俺はネッコ触手で、ダリアちゃまの動きを止めたが、既に突入した後なので、もう意味ないや。
ロビー内の人々の視線がこちらに向いた。
ダリアちゃまの正体がバレて大騒ぎ!
とはならなかった。
不気味なほどに静かだ。
「どうしたんですか?」
そんな中、ミーナちゃんがウサギを抱き上げながら、こちらへ歩みよってきた。
「ダリアさんもデロ先輩も顔色悪いっすよ? どうかしたんすか?」
シオンも俺達2人を心配してか、近づいてくる。
「何って! そのウサギは絶対危険だで! 離せ!その前歯から考えて、 きっとげっ歯類連合の刺客に違いないで!」
ダリアが声をあげると、子供の冗談に対するような笑い声が、ロビー中に響いた。
「何言っとるだいや? ウサギはげっ歯類じゃないで? そうだでな、ミーナ?」
レイラはダリアを呆れた様子で諌める。
てっきり、ウサギはげっ歯類だと思ったていたが違うのか?
「そうなのか、ミーナちゃん?」
レイラ同様、俺はミーナちゃんに質問してみた。
「両者は門歯(前歯)が伸び続けるという特徴がありますが、ウサギはげっ歯類ではないんですよ〜。

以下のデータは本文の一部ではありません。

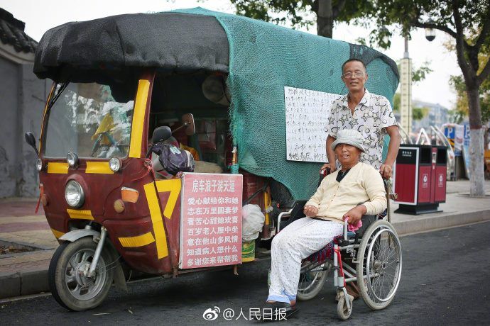 Guo Jingxin’s wife suffered a cerebral hemorrhage seven years ago and remained in a coma for 13 months after surgery. After she woke up from coma, Guo decided to take her across the country and made a “van” from a three-wheeler.

まず、ネズミなどのげっ歯類は、歯が上下2対の、『単歯類』と呼ばれる動物です。
それに対して、ウサギは、上下2対の前歯の他に、上前歯の奥にもう2本の前歯があるんです。それがげっ歯類との決定的な違いなため、ウサギは『重歯類』と呼ばれる種類の動物なんですよ〜。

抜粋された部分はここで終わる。